CHANGES TO THIS POLICY
This Policy is current as of the effective date set forth above. We reserve the right to change this Policy from time to time without notice. Changes and modifications to this Policy will be effective immediately upon posting of the changes and modifications on the Website, except where prohibited by law. You are bound by any such revisions and should therefore periodically visit this page to review the current Policy. If at any time you choose not to accept the terms of this Policy, you should not use this Website.
If you have any questions, comments, or concerns about this Policy, please contact us in our role as data controller, at:
30 Broad St, Ste 1401
New York, NY 10004 firstname.lastname@example.org
For visitors from the European Economic Area or Switzerland, to contact our Data Protection Officer, please contact:
30 Broad St, Ste 1401
New York, NY 10004 email@example.com
Telephone: +1 646-893-4489
California residents have certain rights with respect to the personal information collected by businesses. If you are a California resident, you may exercise the following rights regarding your personal information, subject to certain exceptions and limitations:
· The right to know the categories and specific pieces of personal information we collect, use, disclose, and sell about you; the categories of sources from which we collected personal information about you; our purposes for collecting or selling personal information about you; the categories of personal information about you that we have either sold or disclosed for a business purpose; and the categories of third parties with which we have shared personal information.
· The right to request that we delete the personal information we have collected from you.

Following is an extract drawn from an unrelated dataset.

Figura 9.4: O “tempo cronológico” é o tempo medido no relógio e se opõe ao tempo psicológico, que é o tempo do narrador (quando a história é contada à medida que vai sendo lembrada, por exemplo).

· The right to opt-out of our sale(s) of your personal information. Please note that if you opt out of certain types of sales, we will be unable to provide you with the services that rely on such sales.

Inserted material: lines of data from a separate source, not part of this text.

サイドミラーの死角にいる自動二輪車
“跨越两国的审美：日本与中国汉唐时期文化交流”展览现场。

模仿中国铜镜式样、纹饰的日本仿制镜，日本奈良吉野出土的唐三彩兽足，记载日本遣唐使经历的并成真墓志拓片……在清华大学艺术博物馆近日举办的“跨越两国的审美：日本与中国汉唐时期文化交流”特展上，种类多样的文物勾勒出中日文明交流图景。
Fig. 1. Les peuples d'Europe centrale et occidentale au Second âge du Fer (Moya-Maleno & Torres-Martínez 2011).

· The right not to receive discriminatory treatment for the exercise of the privacy rights conferred by the CCPA.
California’s “Shine the Light” law provides that entities who do business with California residents who provide personal information in obtaining products or services for personal, family, or households provide those residents with information about the customer information shared with other businesses for the direct marketing uses of said third party businesses once per year upon request. If applicable, this information would include the categories of customer information and the names and addresses of those businesses with which we shared customer information for the immediately prior calendar year (e.g. requests made in 2008 will receive information regarding 2007 sharing activities).
To obtain this information, please send an email message to firstname.lastname@example.org with “Request for California Privacy Information, in the subject line and in the body of your message. We will provide the requested information to you at your e-mail address in response.
Please be aware that not all information sharing is covered by the “Shine the Light” requirements and only information classified as covered sharing will be included in our response.